Das Forschungsziel soll durch eine eng miteinander verzahnte experimentelle und numerische Untersuchungsstrategie erreicht werden. Mit dem aufzustellenden und zu validierten Simulationsmodell soll der Einfluss der Querschnittsübergänge auf die Verkippungen von Nabe und Zahnkranz analysiert und idealerweise eine optimale Auslegung identifiziert werden. Darauf basierend sollen die Verkippungen in Abhängigkeit der Abmessungen, die zu Gewichtseinsparungen modifiziert werden können, berechnet werden. Unter Verwendung der im Vorläuferprojekt entwickelten Methodik sollen daraus Isolinien der Verkippungen abgeleitet werden. Weiter soll die zeitliche Verkippungsentwicklung detailliert analysiert und in Korrelation zu den beeinflussenden Größen gesetzt werden, um daraus ein grundlegendes Verständnis der Verkippungsentstehung zu erlangen.
KMU, wie Konstruktionsbüros und kleine Zahnradfabriken, werden durch die neuen Erkenntnisse in die Lage versetzt, verzugsarm härtbare Konstruktionen zu gestalten und Entwicklungszeiten zu reduzieren. KMU, wie Lohnhärtereien, werden in die Lage versetzt, eine Beurteilung des Potenzials einer verzugsarmen Einsatzhärtung von zukünftigen Leichtbaukonstruktionen im Zahnradbereich vorzunehmen und können somit ihre Kunden entsprechend beraten.
Die experimentellen Untersuchungen haben zunächst das prinzipielle Verzugsverhalten des verwendeten Vorgelegerads aufgezeigt und eine adäquate mathematische Beschreibung ermöglicht. Die wesentlichen Formänderungen sind die Verkippung des Zahnkopfs in radialer Richtung und die daraus resultierende Kippamplitude sowie die Verkippung des Zahnrads in axialer Richtung.

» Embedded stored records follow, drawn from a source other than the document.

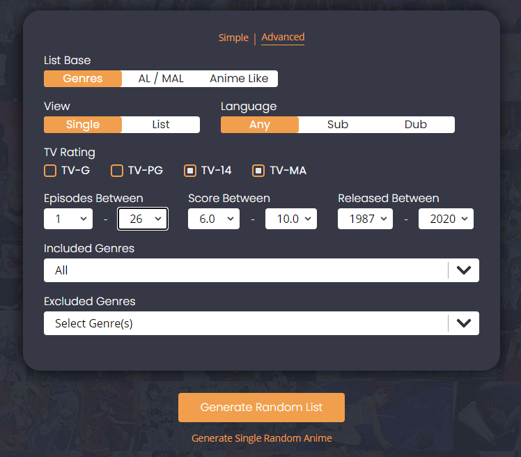 Генерируется сразу большой лист тайтлов, из которого я взял пять самых первых, чтобы всё было честно. Говоря о настройках, убрал детские аниме, те, что длиннее 26 серий (спасибо за понимание), и с оценкой выше шестёрки, чтобы не было откровенного треша.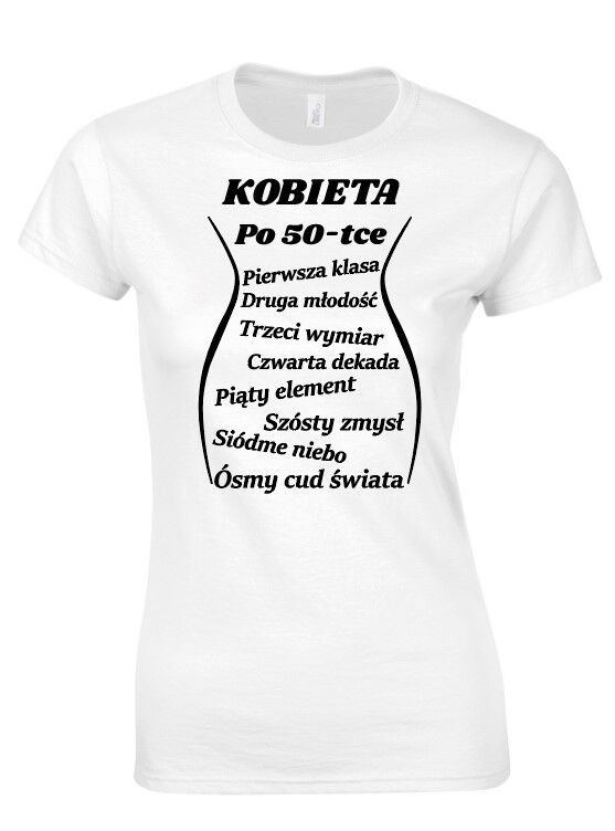 Koszulka damska z nadrukiem 30,40,50 lat- Kobieta po …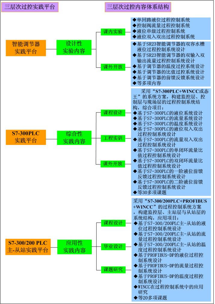 过程控制系统三层次实践教学平台与内容体系结构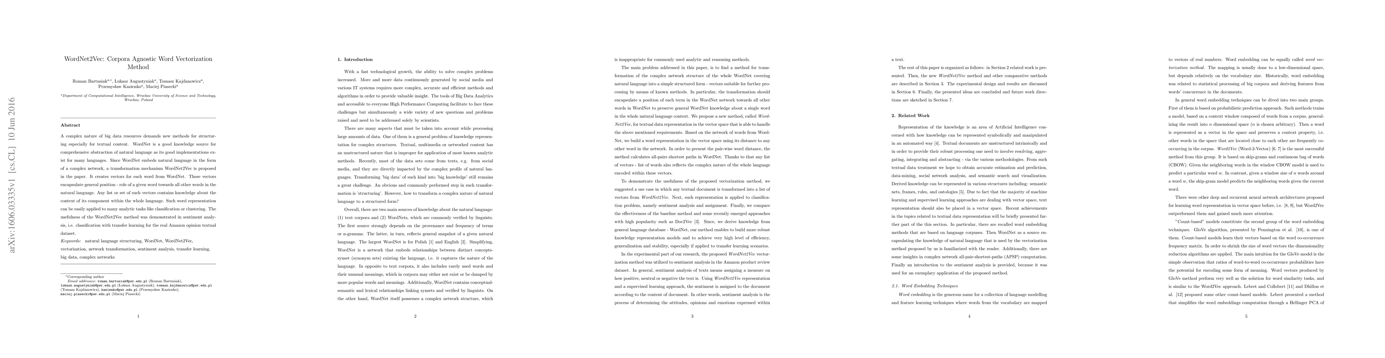 A complex nature of big data resources demands new methods for structuring especially for textual content. WordNet is a good knowledge source for comprehensive abstraction of natural language as its good implementations exist for many languages. Since WordNet embeds natural language in the form of a complex network, a transformation mechanism WordNet2Vec is proposed in the paper. It creates vectors for each word from WordNet. These vectors encapsulate general position - role of a given word towards all other words in the natural language. Any list or set of such vectors contains knowledge about the context of its component within the whole language. Such word representation can be easily applied to many analytic tasks like classification or clustering. The usefulness of the WordNet2Vec method was demonstrated in sentiment analysis, i.e. classification with transfer learning for the real Amazon opinion textual dataset.
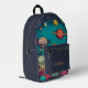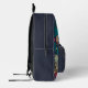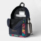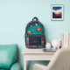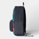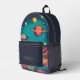 Mochila impresa de un monograma moderno galáctico con planetas espaciales Un diseño personalizado sobre un fondo de planetas espaciales que le da un aire moderno y fresco. El nombre de monograma personalizado en la tipografía de bloques moderna y naranja puede ser reemplazado por su propio nombre o texto personalizado. El bolsillo delantero es un minimalista espacio limpio azul. ¡El regalo o accesorio perfecto!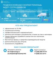 В подстанции скорой медицинской помощи Московской области требуются врачи и средний медицинский персонал (фельдшеры, медицинские сестры).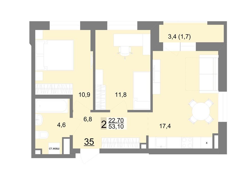 Общая площадь:53.1 м2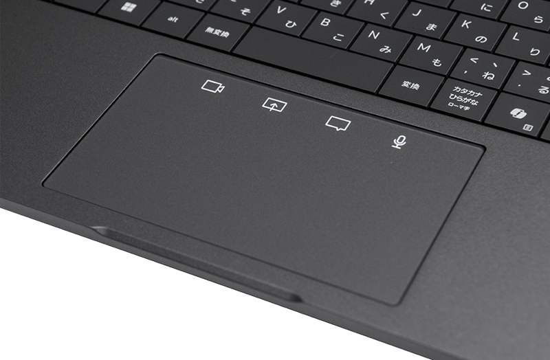 日々の業務における使い勝手にもこだわっています。例えば、「Microsoft Teams」や「Zoom」などのWeb会議ツールで利用できる「コラボレーションタッチパッド」を搭載しています。マイクやカメラのオン/オフといった会議中に必要な操作を素早く行えるほか、誤操作を防ぐ判別機能や、使わない時にスワイプで非表示にできる設計など、実用性の高い工夫が施されています。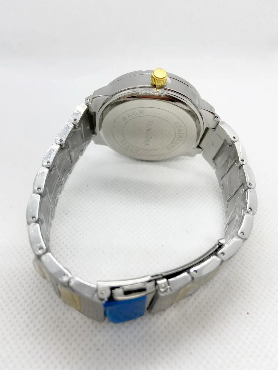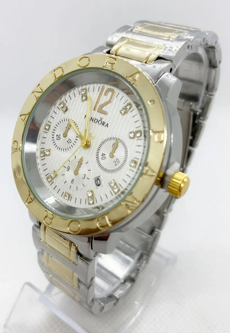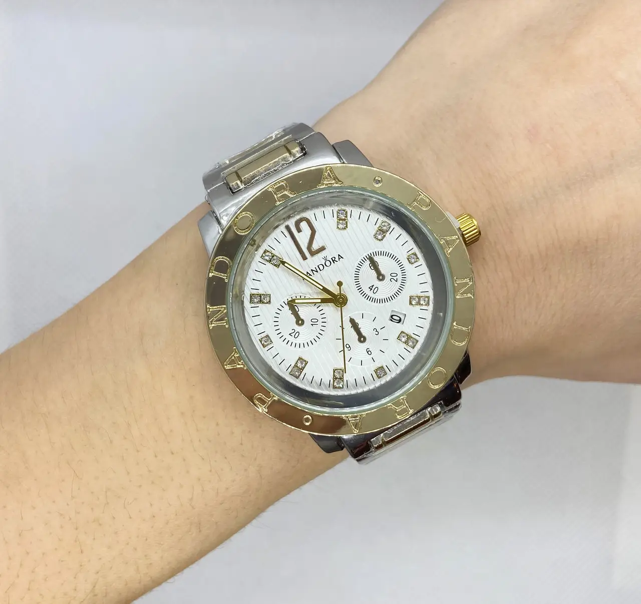 Γυναικείο ρολόι πολυτελείας PANDORA, αναλογικό, πολύ μοντέρνο, σε silver – gold χρώμα σε μπρασελέ και καντράν από ανοξείδωτο ατσάλι υψηλής αντοχής και ποιότητας για καθημερινή χρήση και με ενισχυμένο αντιθαμβωτικό τζάμι στο καντράν του! Αντιαλλεργικό, σύμφωνα με τις απαιτήσεις της Ευρωπαϊκής Ένωσης! Διακοσμημένο εσωτερικά με λευκά αυστραλιανά κρύσταλλα!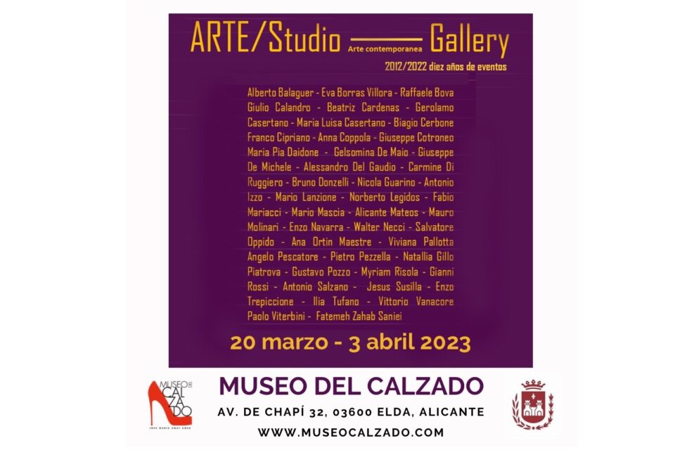 La exposición «Arte/Studio – Gallery. 2012/2022 diez años de eventos», en Museo del Calzado del 20 de marzo al 03 de abril de 2023, aglutina a un colectivo de artistas incluido en el catálogo de la galería de arte contemporáneo, con sede en Benevento (Italia), publicado con motivo del décimo aniversario de su fundación.

Es wurden Massereduktionen bis 43,6% erreicht.
Die in der Praxis auftretenden Streuungen von Härtbarkeit und Aufkohlung sind für das untersuchte Vorgelegerad von untergeordneter Bedeutung für den Verzug. Variationen des Abschreckprozesses und Geometriemodifikationen zeigen erwartungsgemäß deutliche Einflüsse, die aber bei entsprechender Kombination (gewichtsreduziertes Zahnrad in Kombination mit geringerer Abschreckintensität) zu beherrschbaren Verzügen führen können.
Die Arbeiten zum Einfluss der Querschnittsübergänge haben ein Potenzial zur Reduzierung der Zahnkopfverkippung für Bauteile mit asymmetrischer Steglage aufgezeigt.
Die vorbereitenden experimentellen Arbeiten zur Simulation konnten zeigen, dass unter den gegebenen Bedingungen die Fertigungseigenspannungen keinen Einfluss auf den Verzug haben. Da eine Vernachlässigung der Verzahnung zu deutlich modifizierten Verzügen führen kann, müssen 3D-Simulations-Modelle verwendet werden.
Die vorliegenden bzw. gewählten Ansätze zur Bestimmung und Beschreibung der Bainitumwandlung bzw. des Wärmeübergangskoeffizienten (WÜK) haben sich als nicht ausreichend herausgestellt. Im Fall der Bainitbildung konnte das auf ein grundsätzliches Problem zurückgeführt werden. Für den Wärmeübergang hätte für jede zu simulierende Geometrie der WÜK bestimmt werden müssen. Eine numerische Bestimmung der Isolinien-Darstellung der Verkippung war aufgrund dieser beiden Probleme nicht möglich. Entsprechend konnte die im Vorgängerprojekt entwickelte Methode zur Ableitung der Verkippungs-ISO-Linien bei gewichtsreduzierten Zahnradgrundkörpern nicht in die Praxis überführt werden.